== Task objective ==
Only one part of the listing is needed: the lines from the one with "Благодаря разнообразию цветов" through the last line, copied exactly and free of pictures.

== Data section ==
▬▬▬▬▬▬

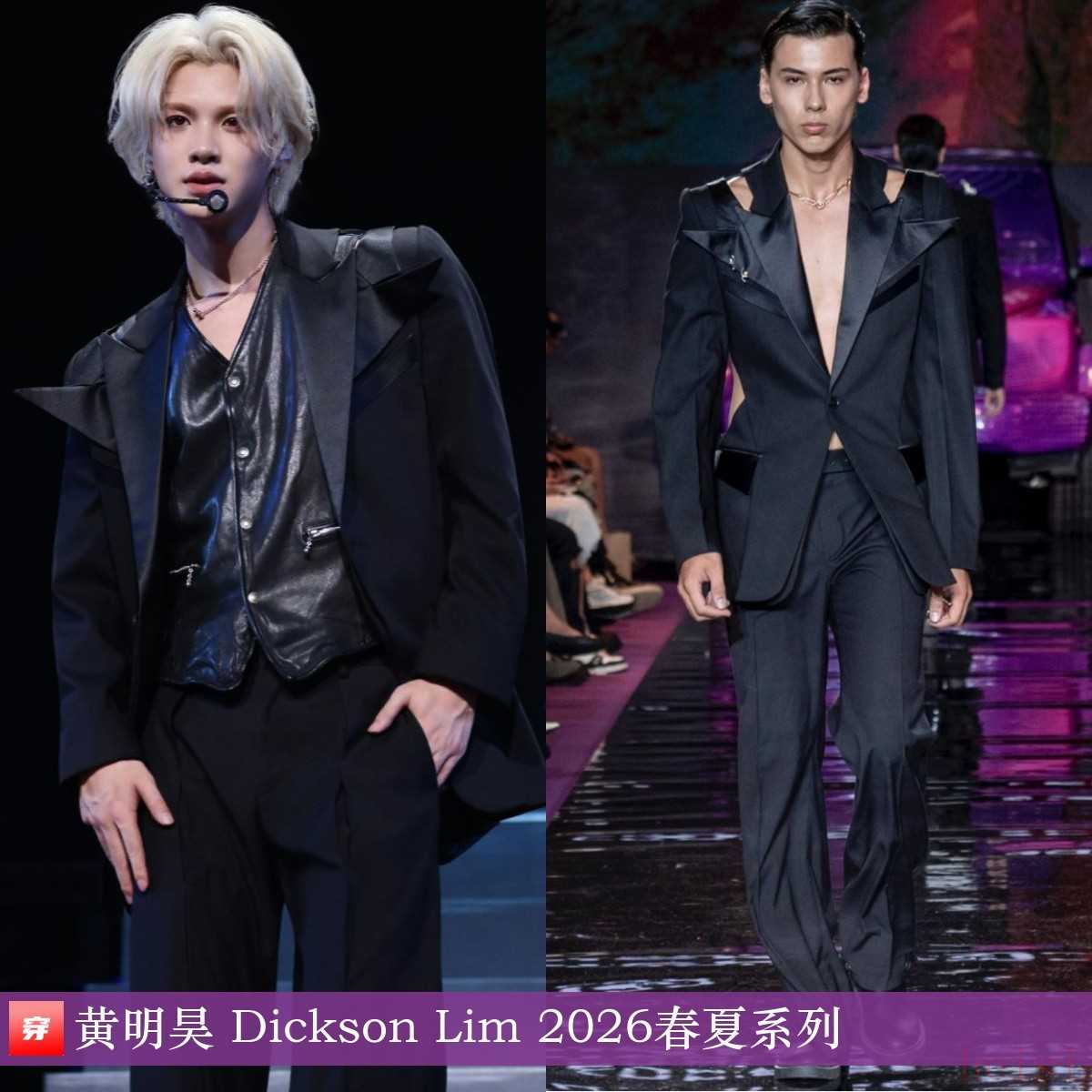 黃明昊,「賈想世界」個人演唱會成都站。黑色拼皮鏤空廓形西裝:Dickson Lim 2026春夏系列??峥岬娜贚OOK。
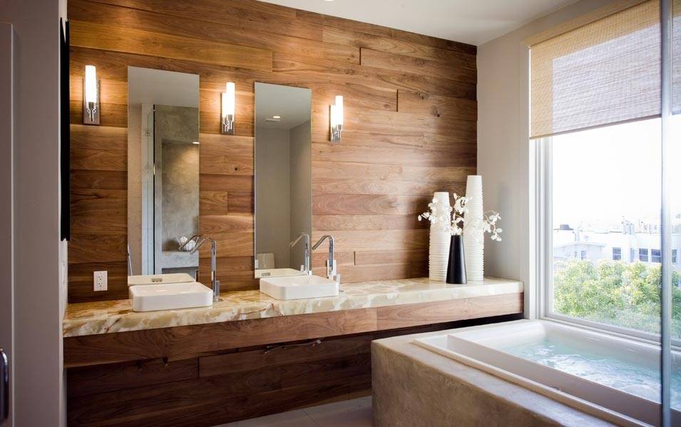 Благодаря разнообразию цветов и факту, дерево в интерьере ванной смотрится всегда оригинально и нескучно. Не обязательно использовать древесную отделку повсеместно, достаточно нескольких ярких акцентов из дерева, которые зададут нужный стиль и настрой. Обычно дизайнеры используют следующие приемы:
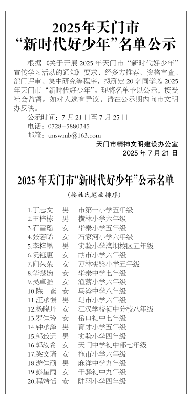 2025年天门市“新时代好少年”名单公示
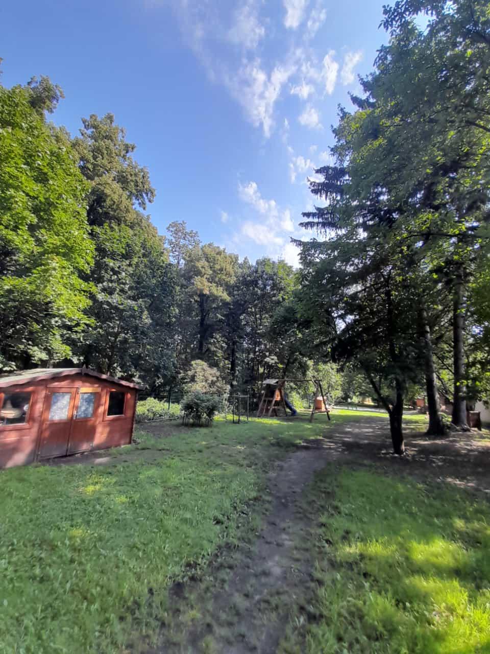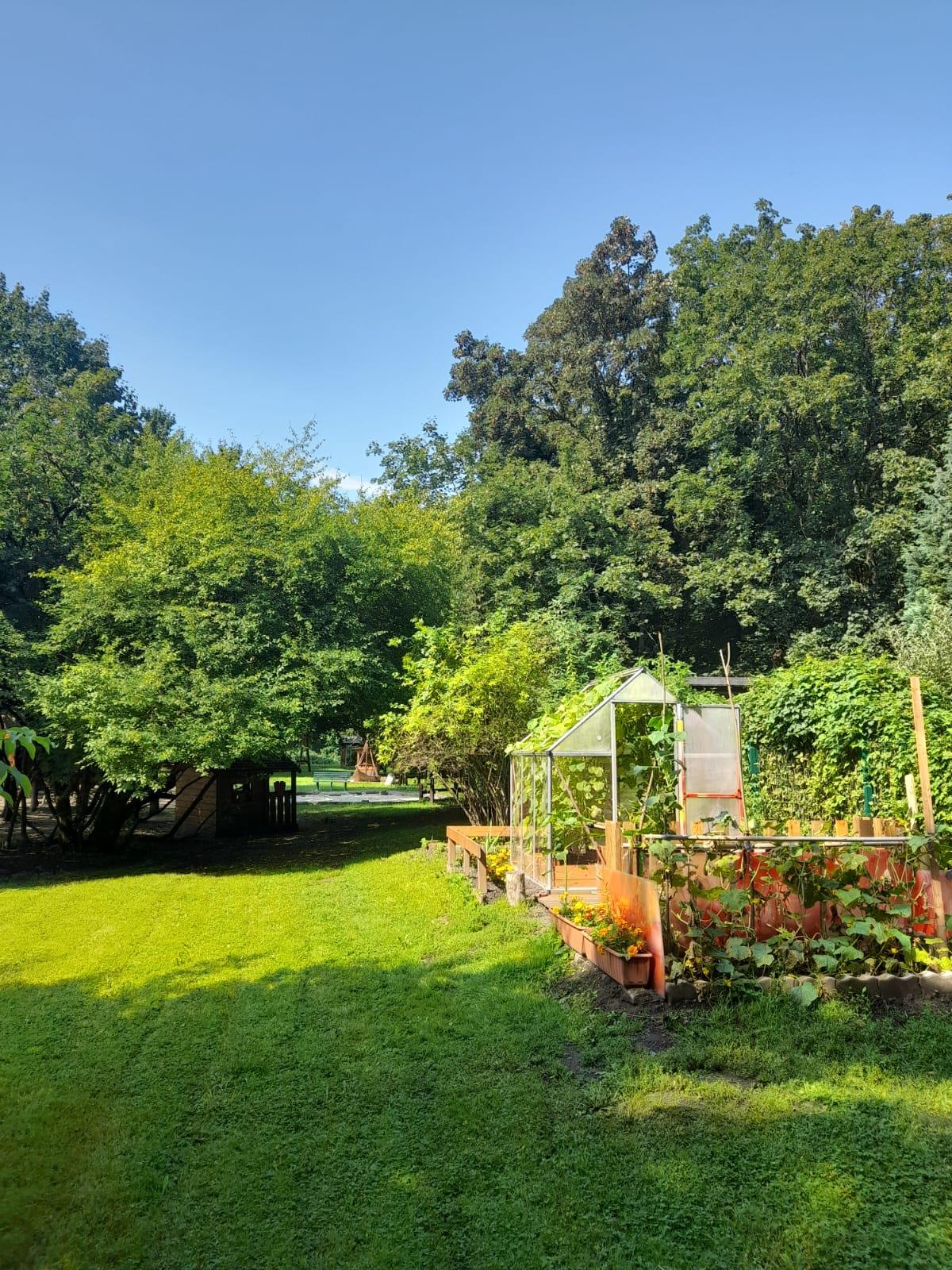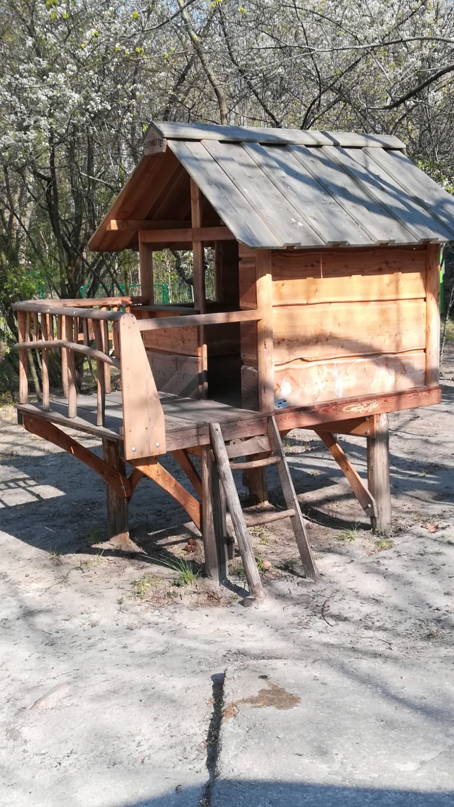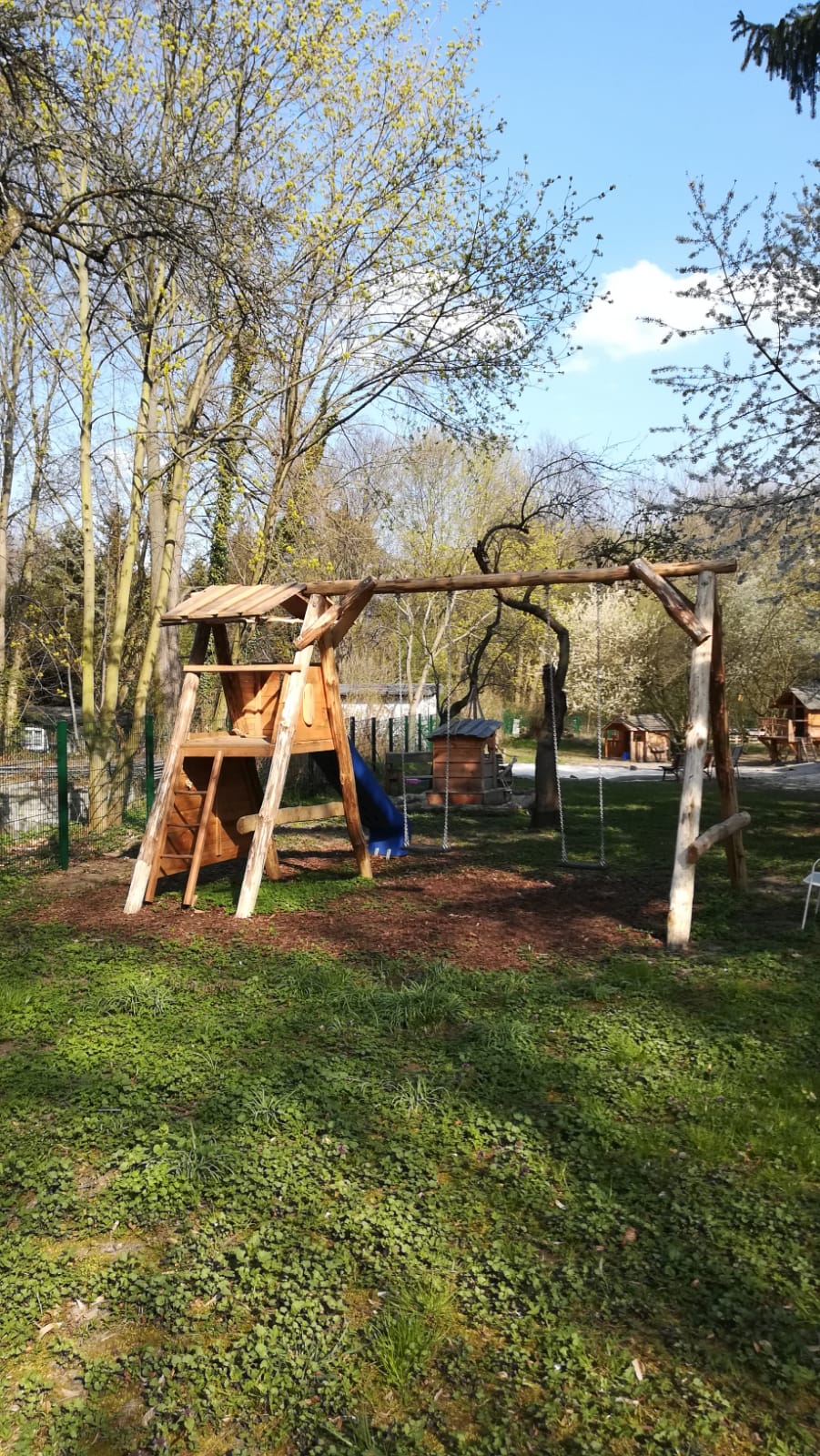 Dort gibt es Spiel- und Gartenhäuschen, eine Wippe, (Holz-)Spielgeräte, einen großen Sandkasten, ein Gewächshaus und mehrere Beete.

▬▬▬▬▬▬

== Response to the task ==
 Благодаря разнообразию цветов и факту, дерево в интерьере ванной смотрится всегда оригинально и нескучно. Не обязательно использовать древесную отделку повсеместно, достаточно нескольких ярких акцентов из дерева, которые зададут нужный стиль и настрой. Обычно дизайнеры используют следующие приемы:
 2025年天门市“新时代好少年”名单公示
 Dort gibt es Spiel- und Gartenhäuschen, eine Wippe, (Holz-)Spielgeräte, einen großen Sandkasten, ein Gewächshaus und mehrere Beete.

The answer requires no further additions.